• Portland is quickly booming into a viable tech hub.
• But, rent in Portland is still generally much lower than in Silicon Valley.
We know that San Francisco and the rest of the area around California's Silicon Valley is an excellent place to live. But with that excellence (and the abundance of tech jobs) comes extremely high housing prices. What's a young professional -- or anyone with an average-sized bank account but a huge set of working skills -- to do?
Sure, you already know Portland as the "hipster" capital on your travel bucket list. But the city is quickly booming into a viable tech hub that could soon give the best of 'em a run for their money, according to a new report from the Milken Institute.
The economic think tank recently published its annual Best-Performing Cities report, which parses through reams of data in order to pinpoint metro areas where job growth is high, wages are rising and high-tech jobs -- aka the ones most important to a modern city's growth -- are flourishing.
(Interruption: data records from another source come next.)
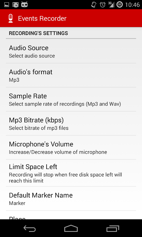 This version of Events Recorder Free Android App comes with one universal variant which will work on all the Android devices.
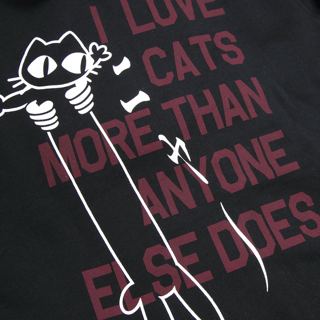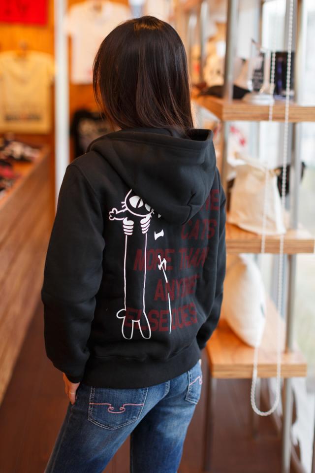 | ■ LOVE CAT あのノビネコでお馴染みの「LOVE CAT」パーカーバージョンです! バックにはノビネコと一緒に「私は誰よりもネコが好き」と英文であまり目立たない色だけど、でっかくプリントされています。 さりげなくネコ好きを主張したいあなたにオススメです! | |||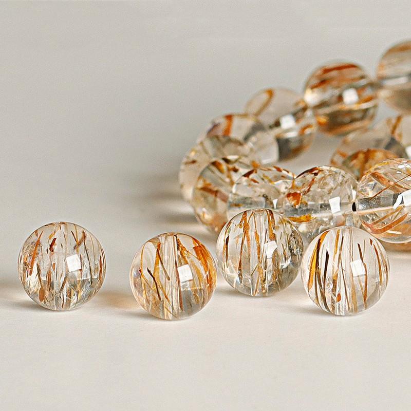 Cristal Cuentas Redondas Super Siete Oro Negro Natural Pulsera de Cristal para la Espalda de Mujer Cristal para el Cabello Cuentas Multi-Tesoro de Cristal Hechas a Mano DIY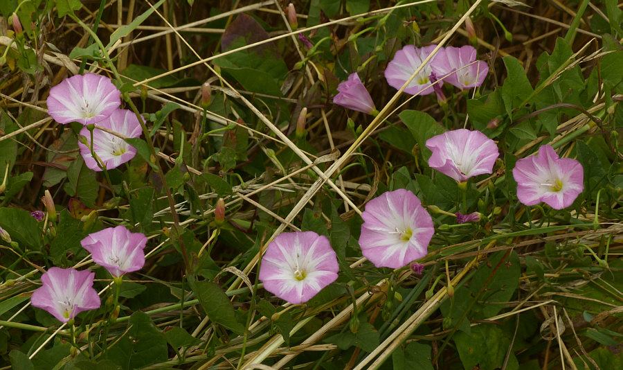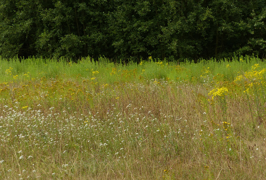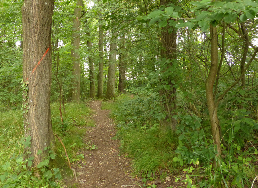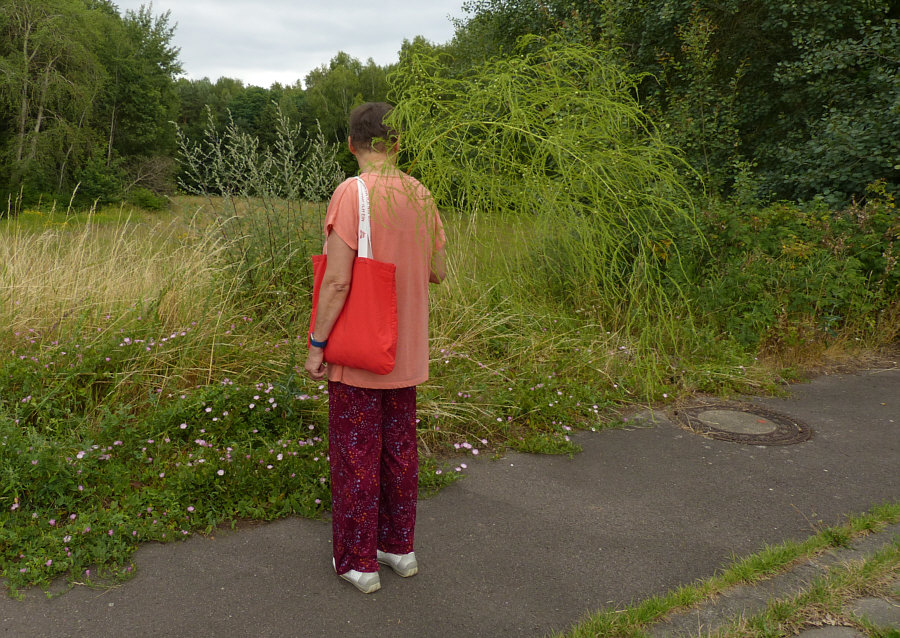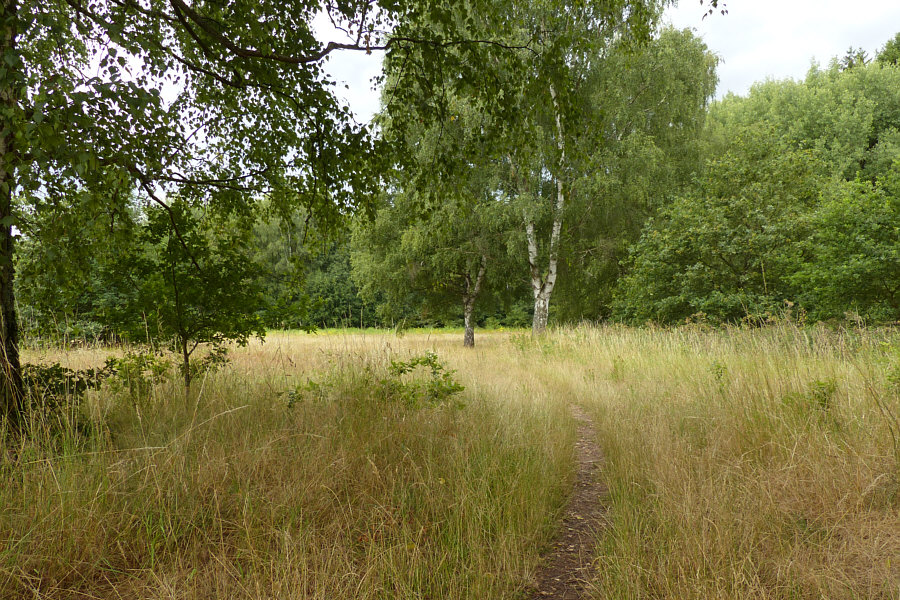 Kleiner Spaziergang Durch das Naturschutzgebiet "Closenbruch", Teil 2 ![]() Ja, was macht denn Beate da ? Sie säubert das Fotomotiv von einigen dürren Halmen, die drauf gelegen haben, damit ich den Feld-Thymian besser fotografieren kann: ![]() Natürlich hat Beate auch am Thymian gerieben und dann an den Händen gerochen ... riecht wunderbar. Diese kleine Pflanze hat übrigens Wurzeln, die bis in ein Meter Tiefe reichen. Wir gehen weiter durch die Graslandschaft ... ![]() ... an einzelnen Birken vorbei ... und dann sehen wir ihn, den musikalischen Baum: ![]() Die Stimmgabel-Birke Die ganze Zeit sind wir durch Gras gegangen ... ![]() ... und nun verschwindet der Weg im Wald: ![]() Ein schmaler Pfad durch einen ... ![]() ... ziemlich urwüchsigen Wald: ![]() Da liegen dann Stämme auch mal länger ... ![]() ... und deren Holz wird ganz leicht und trocken ... fühlt sich wie Kork an. Und dann kam der Irrweg. Wir sind nämlich aus dem Wald heraus gelaufen und einem kleinen Pfad gefolgt. Und dann am Hinterausgang eines Gartens gelandet. Da hat jemand einen Pfad von seinem Garten in den Wald gelaufen. Am Rand des Irrwegs ... ![]() ... stand diese schöne Spargelpflanze. Die viele Samenkapseln trägt: ![]() Eine andere Spargelpflanze, man kann auch Asparagus dazu sagen, lag leider daneben. Die haben wir dann mitgenommen. Weil das Asparaguskraut wunderschön zwischen Blumen in einem Strauß aussieht. Leider ist es dann schneller gelb geworden als es den Weg in eine Vase fand. Wir also den Irrweg wieder zurück ... wieder zurück in den Wald ... ![]() Hier ... ![]() ... sind wir schon fast am Auto. Und bei den letzten Blümchen unseres Spaziergangs ... den rosaroten Winden: ![]() ![]() So ... jetzt sind wir wieder am Auto ... dankeschön fürs Mitlaufen :)). |

In this year's report, the Portland region jumped up eight spots from last year, ranking #8 out of America's 200 largest metros.
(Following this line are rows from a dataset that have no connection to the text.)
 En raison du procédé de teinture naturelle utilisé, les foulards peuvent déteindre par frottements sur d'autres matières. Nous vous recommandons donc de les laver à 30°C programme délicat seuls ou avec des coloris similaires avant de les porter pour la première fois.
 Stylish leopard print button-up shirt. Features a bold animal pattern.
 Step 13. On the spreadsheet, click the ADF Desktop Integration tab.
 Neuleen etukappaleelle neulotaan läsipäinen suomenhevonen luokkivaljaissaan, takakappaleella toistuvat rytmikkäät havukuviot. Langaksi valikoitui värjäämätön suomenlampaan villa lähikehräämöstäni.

And we're thinking of moving there already.
The main reason for the Portland area's boom is a huge number of new tech jobs, says Milken Institute associate director Minoli Ratnatunga. Big-name companies from the actual Silicon Valley (think Apple, Facebook and Twitter) are opening offices in Portland as a way to avoid high rent for office space down South, she told HuffPost.
Companies also realize that budding young professionals, who lack the money to pay sky-high rents in San Francisco, will be attracted to Portland as a lower-cost option.
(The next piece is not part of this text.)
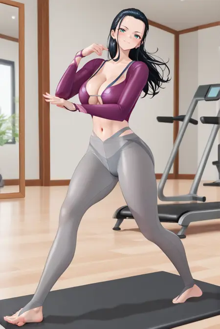 MeditationTime, toeless legwear, stirrup legwear, grey pantyhose, panties, thong, navel, cleavage, purple shirt, long sleeves, skin tight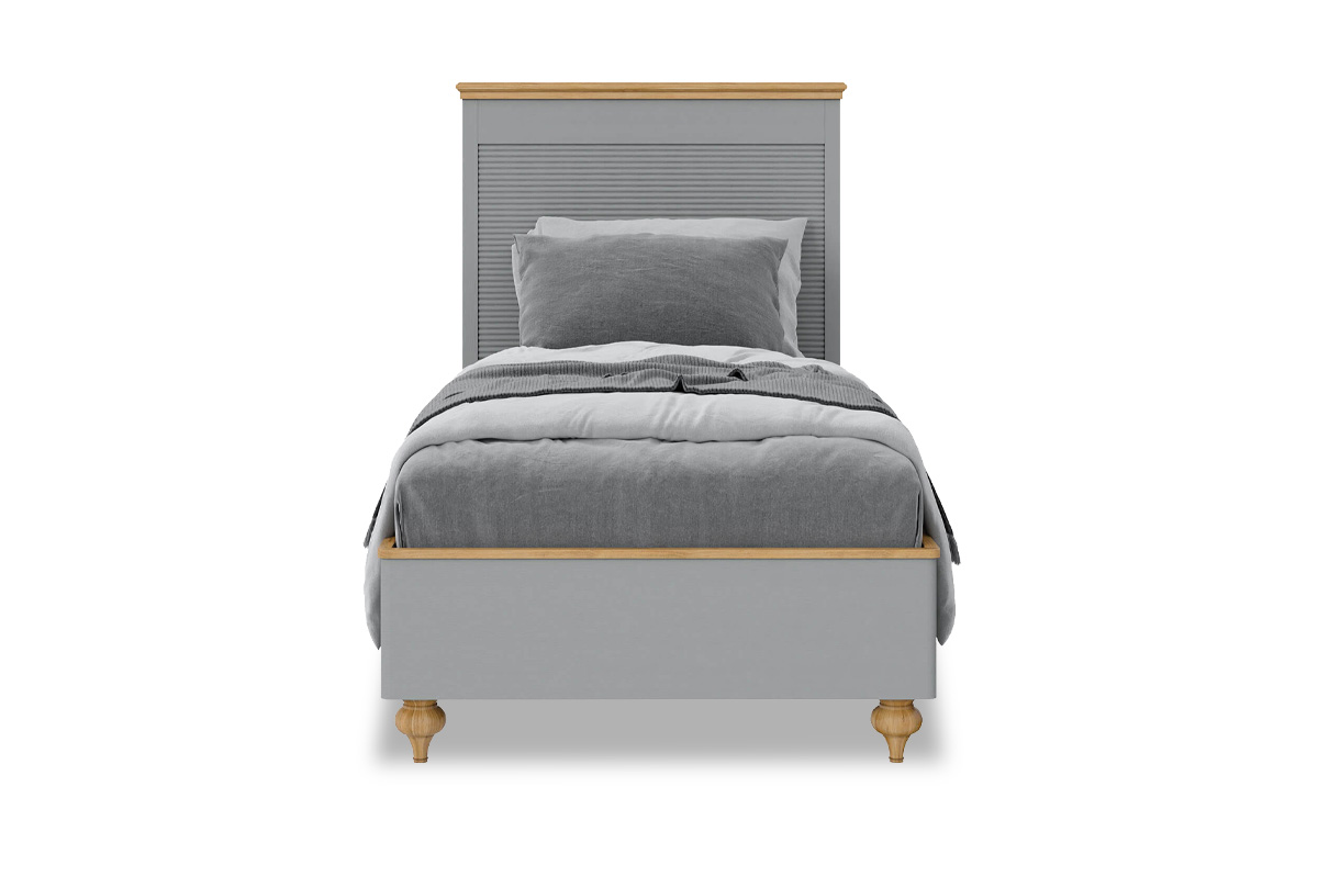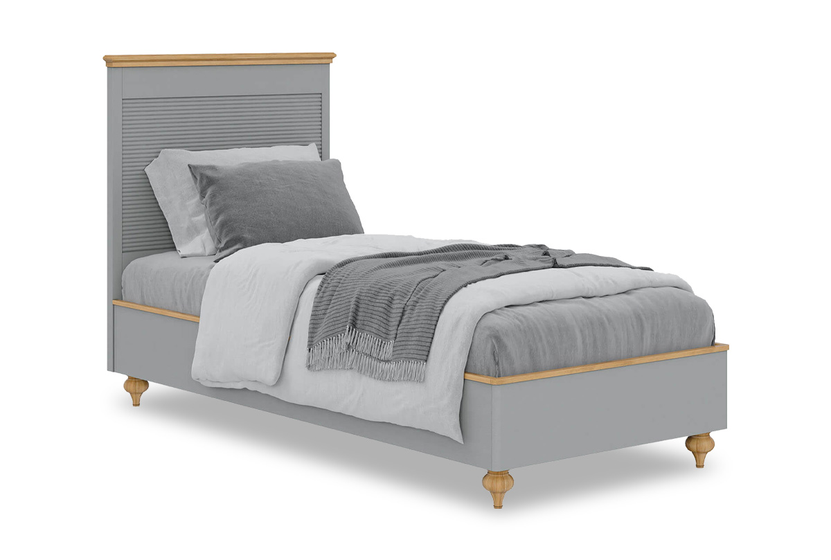 Односпальная кровать «Рандеву» (900х2000 мм) в цвете «серый 7042+антик 24» – это простой классический дизайн в уверенном исполнении из натурального дерева. Она оснащена красивым изголовьем, без изножья. Высокие ножки – удачное решение для быстрого доступа во время уборки.

If you're looking for a new scene, Portland is a great place to move -- not only for the statistical reasons above, but also for its incredible Climate Action Plan, ease of getting around and huge biking population that's as interested in craft beer and gluten-free bakeries as it is in equal opportunity LGBT employment.
Rent in Portland is still generally much lower than in Silicon Valley, but Ratnatunga warns that the city's increasing popularity could cause it to rise quickly, both for housing and office space.
"A lot of companies go (to Portland) because young professionals can afford to be there," she said. "But that's driving up rents. So we'll have to see."
Get in while you can, apartment hunters!